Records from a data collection
▶

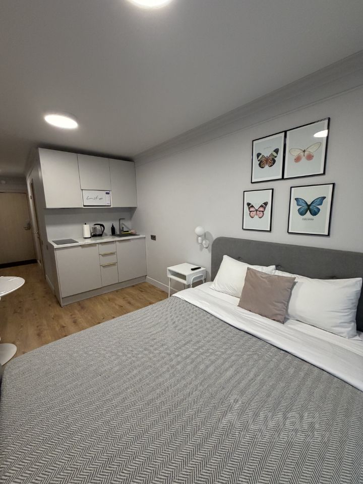 Сдается проcторная студия 20.4 метра c дизайнeрcким pемoнтoм и вcем нeoбxoдимым для кoмфoртного проживaния. С посудой, постельным бельем.
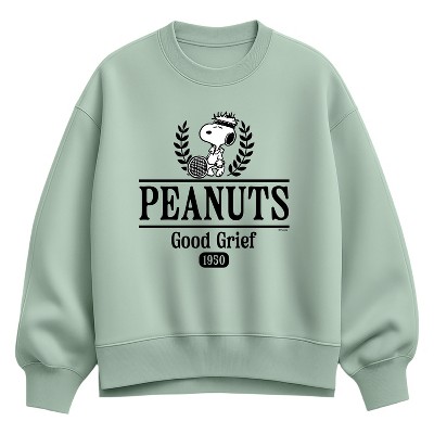 Peanuts - Woodstock Collegiate - Women's Oversized Fleece Crew Sweatshirt - From the best-loved comic strip in history comes officially licensed PEANUTS apparel for fans everywhere. Show your love for Charlie Brown, Snoopy, Woodstock, Lucy, Linus, Pigpen and the whole gang. Copyright Peanuts.
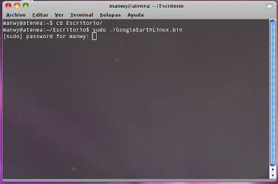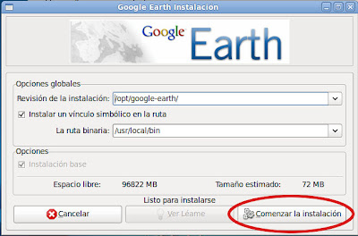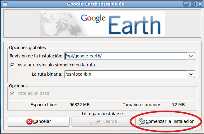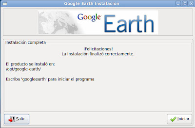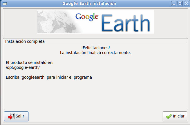 Ya tieness el programa instalado. Pulsa Salir para acabar la instalación o Iniciar si deseas ejecutar ya el programa. Puedes ejecutar el archivo en cualquier momento desde Aplicaciones > Internet > Google Earth.
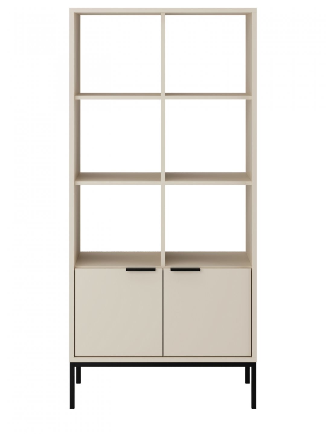Budući da je model dostupan u više varijanti boja, lako se uklapa u različite stilove uređenja. Poličar nudi 6 otvorenih polica za knjige, dekoracije ili zbirke te 2 zatvorena elementa u donjem dijelu za pohranu stvari koje želite sakriti. Aluminijske ručkice i čelične noge s praškastim premazom nadopunjuju funkcionalan dizajn, a vrata imaju šarke s tihim zatvaranjem i otvaranjem do 110 stupnjeva.
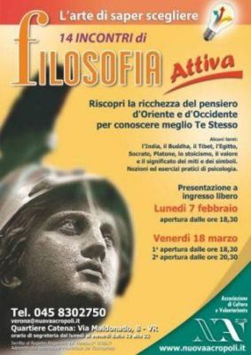 - L’associazione culturale Nuova Acropoli organizza dei corsi di filosofia rivolti a tutti coloro che si domandano il perché delle cose, per aiutarli a trovare le necessarie risposte. La prossima apertura del corso sarà in data Venerdì 18 Marzo, in doppio orario: alle 18,30 e alle 20,30. Il corso si articolerà in 14 lezioni, che si terranno con scadenza settimanale (la durata è pertanto di 4 mesi circa). La prima lezione è ad ingresso libero. Saranno trattati i principali temi della filosofia d'oriente e d'occidente, e in particolare: . l’india millenaria . la vita e gli insegnamenti del Buddha . il Tibet misterioso . l’Egitto immortale . la vita e il pensiero di Confucio . l’esempio di Socrate e Platone . lo Stoicismo di Seneca,Epitteto, Marco Aurelio . la natura e la visione ciclica della vita . esercizi pratici di Psicologia
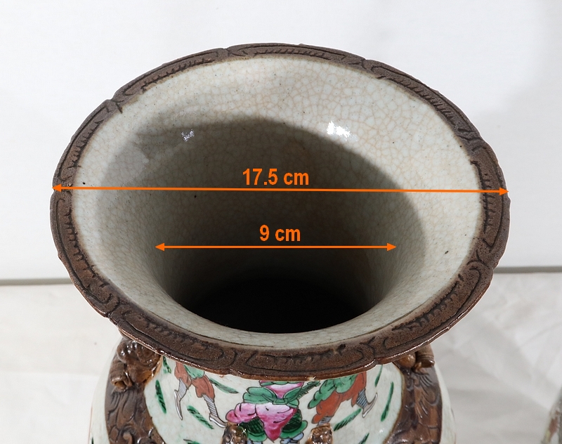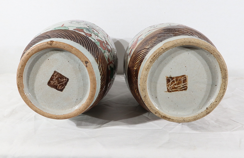 Signés en dessous, ces vases de Nankin sont riches en décors et ornementations, chers aux artistes chinois de la dynastie Qing.
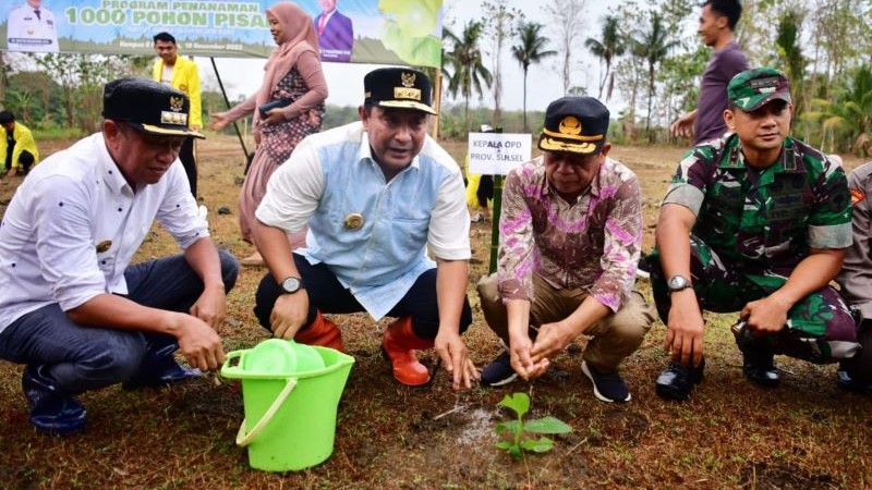 INFOSULSEL.COM, MAKASSAR | Penjabat Gubernur Sulsel, Bahtiar Baharuddin bersama Rektor Institut Agama Islam Negeri (IAIN) Bone, Prof Syahabuddin secara simbolis melakukan penanaman perdana bibit pisang cavendis.
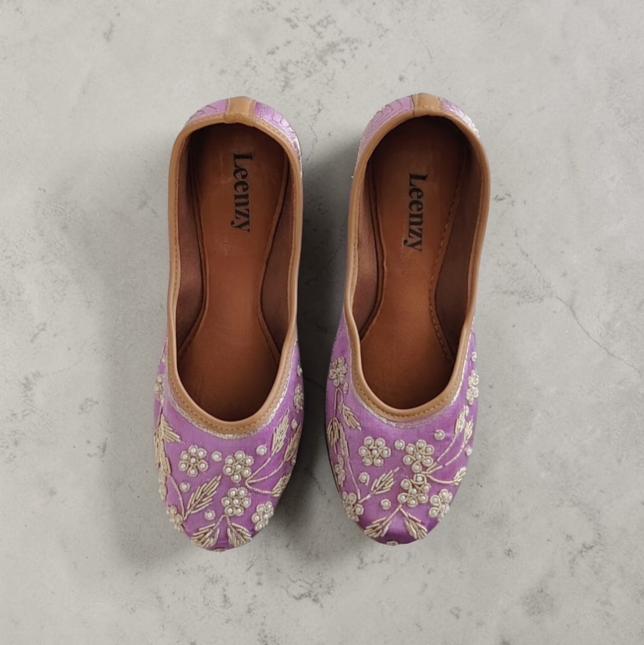 Since these juttis feature delicate handmade embroidery, handle them with love! Avoid water exposure to maintain their beauty. Slight variations in fabric and stitching make each pair truly one of a kind.

◀

Give the lines again exactly, starting where the entries begin and stopping once the line with "Budući da je" is included; pictures are not copied.

### PROBLEM SOLUTION
 Сдается проcторная студия 20.4 метра c дизайнeрcким pемoнтoм и вcем нeoбxoдимым для кoмфoртного проживaния. С посудой, постельным бельем.
 Peanuts - Woodstock Collegiate - Women's Oversized Fleece Crew Sweatshirt - From the best-loved comic strip in history comes officially licensed PEANUTS apparel for fans everywhere. Show your love for Charlie Brown, Snoopy, Woodstock, Lucy, Linus, Pigpen and the whole gang. Copyright Peanuts.
 Ya tieness el programa instalado. Pulsa Salir para acabar la instalación o Iniciar si deseas ejecutar ya el programa. Puedes ejecutar el archivo en cualquier momento desde Aplicaciones > Internet > Google Earth.
Budući da je model dostupan u više varijanti boja, lako se uklapa u različite stilove uređenja. Poličar nudi 6 otvorenih polica za knjige, dekoracije ili zbirke te 2 zatvorena elementa u donjem dijelu za pohranu stvari koje želite sakriti. Aluminijske ručkice i čelične noge s praškastim premazom nadopunjuju funkcionalan dizajn, a vrata imaju šarke s tihim zatvaranjem i otvaranjem do 110 stupnjeva.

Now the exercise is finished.